Source: 2011 IPL Statistics Full Table on ESPNcricinfo

==Awards and achievements==
===Awards===
- Man of the Match

| No. | Date | Player | Opponent | Venue | Result | Contribution | Ref. |
|---|---|---|---|---|---|---|---|
| 1 | 14 April 2011 | Dale Steyn | Royal Challengers Bangalore | Hyderabad | Won by 33 runs | 3/24 (4 overs) |  |
| 2 | 19 April 2011 | Sunny Sohal | Delhi Daredevils | Delhi | Won by 16 runs | 62 (41) |  |
| 3 | 27 April 2011 | Ishant Sharma | Kochi Tuskers Kerala | Kochi | Won by 55 runs | 5/12 (3 overs) |  |
| 4 | 14 May 2011 | Amit Mishra | Mumbai Indians | Mumbai | Won by 10 runs | 18* (6) & 1/18 (4 overs) |  |
| 5 | 16 May 2011 | Amit Mishra | Pune Warriors India | Navi Mumbai | Won by 6 wickets | 2/26 (4 overs) |  |
| 6 | 21 May 2011 | Shikhar Dhawan | Kings XI Punjab | Dharmasala | Won By 82 runs | 95* (57) |  |

===Achievements===
- Ishant Sharma took the first-ever fifer for the Deccan Chargers in the match against Kochi Tuskers Kerala.
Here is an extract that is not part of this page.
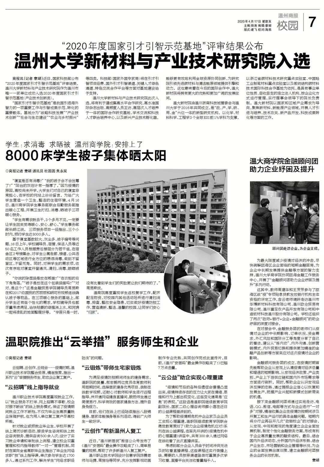 商报讯(记者 章瑚)近日,国家科技部公布“2020年度国家引才引智示范基地”评审结果,我校新材料与产业技术研究院作为温州市唯一一家单位成功入选2020年度国家引才引智示范基地(产业技术创新类)。

This is also the best bowling figures of the 2011 Indian Premier League (2011 IPL).
- Amit Mishra took the hat-trick for the Deccan Chargers in the match against Kings XI Punjab. This is also the only hat-trick recorded in the 2011 IPL.